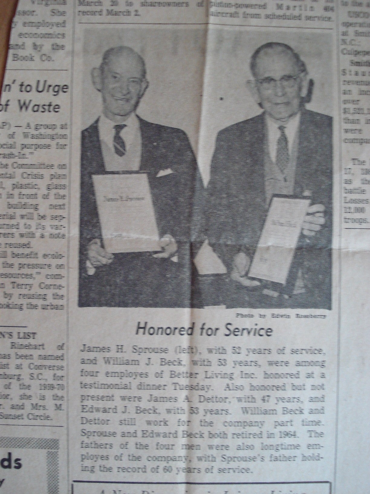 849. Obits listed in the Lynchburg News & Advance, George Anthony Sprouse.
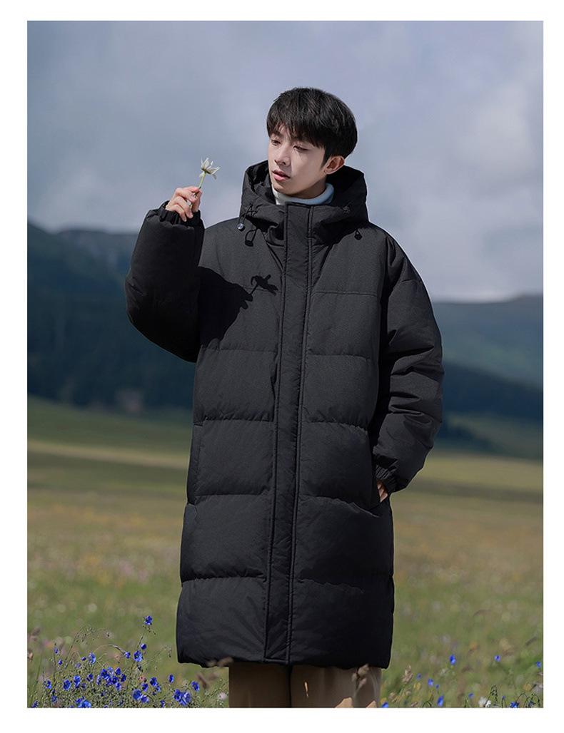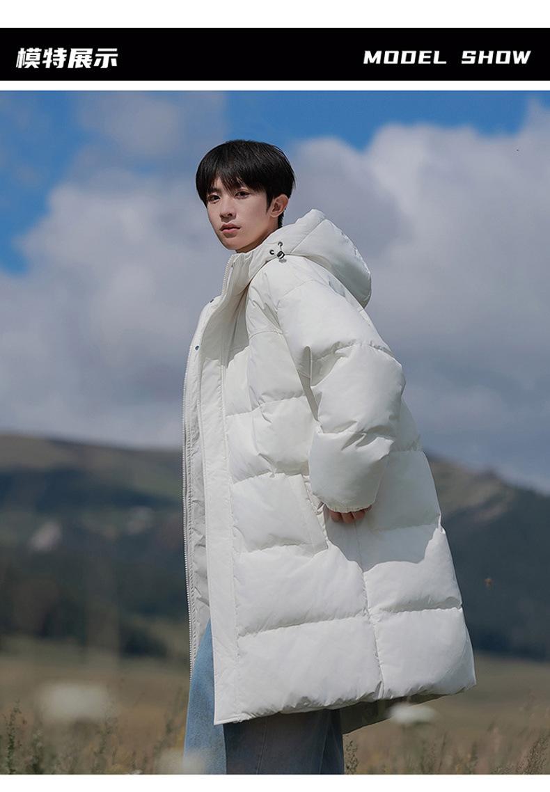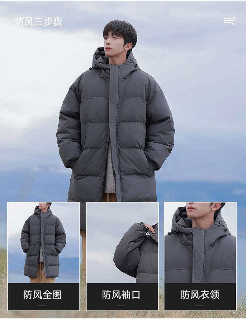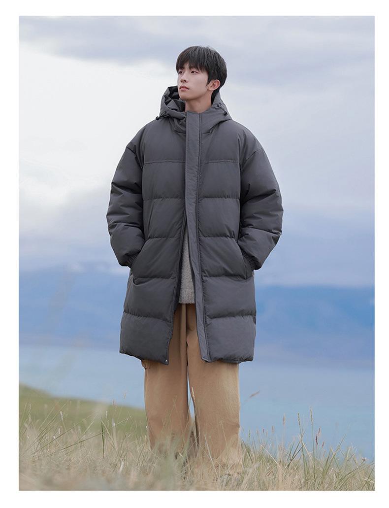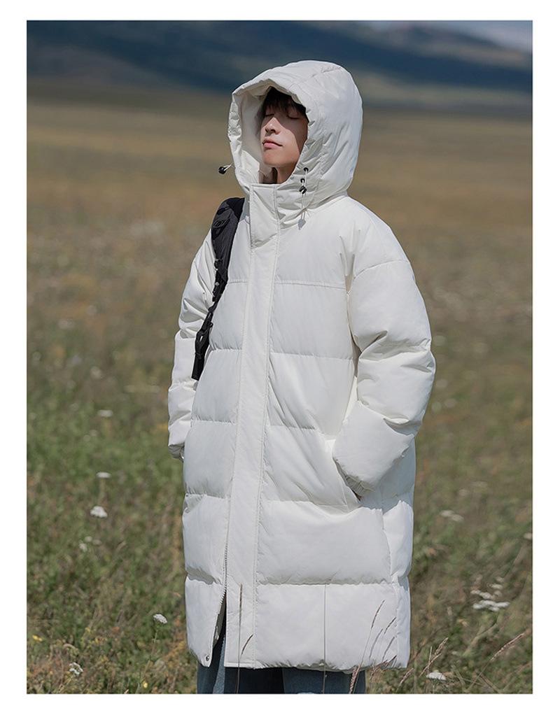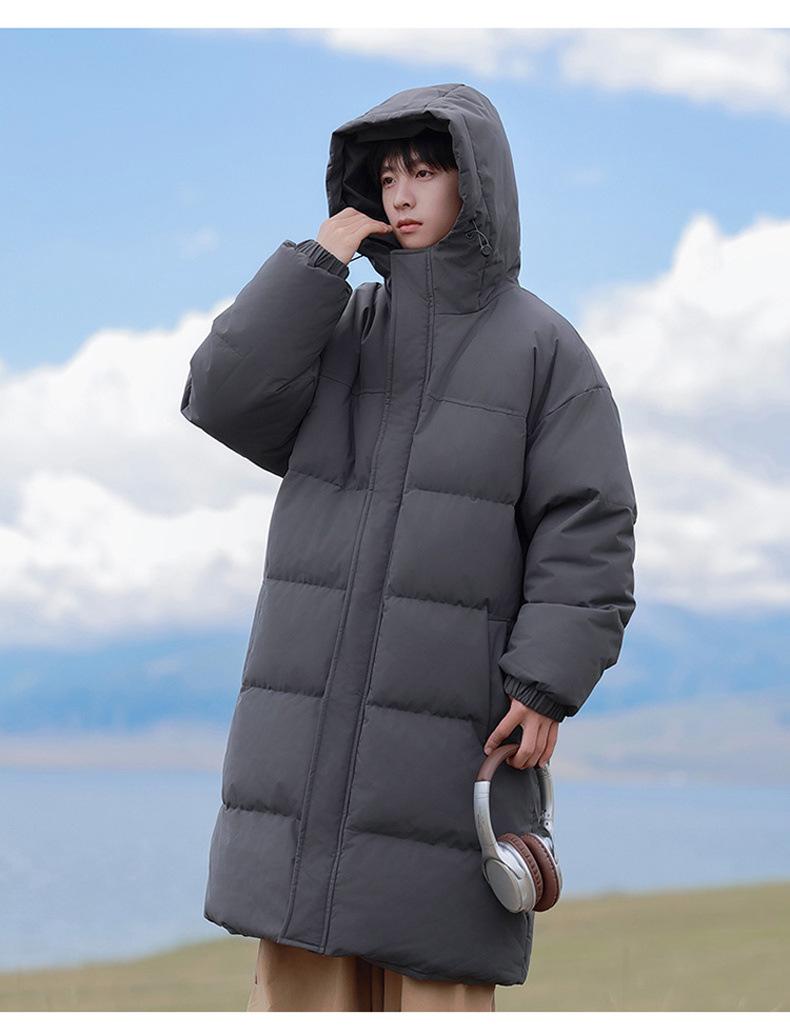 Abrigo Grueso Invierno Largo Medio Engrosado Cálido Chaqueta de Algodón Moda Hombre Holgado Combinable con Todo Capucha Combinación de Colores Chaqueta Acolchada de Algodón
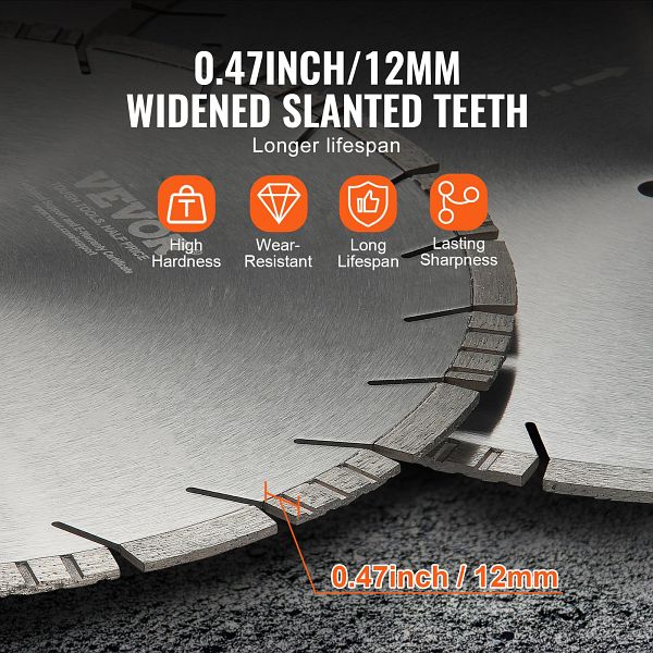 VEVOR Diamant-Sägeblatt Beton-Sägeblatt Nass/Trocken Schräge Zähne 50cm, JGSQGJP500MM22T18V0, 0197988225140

Problem description |
Begin at the line that contains "Abrigo Grueso Invierno" and transcribe every line through the end of the listing, exactly as written. Omit the pictures.

Task answer |
 Abrigo Grueso Invierno Largo Medio Engrosado Cálido Chaqueta de Algodón Moda Hombre Holgado Combinable con Todo Capucha Combinación de Colores Chaqueta Acolchada de Algodón
 VEVOR Diamant-Sägeblatt Beton-Sägeblatt Nass/Trocken Schräge Zähne 50cm, JGSQGJP500MM22T18V0, 0197988225140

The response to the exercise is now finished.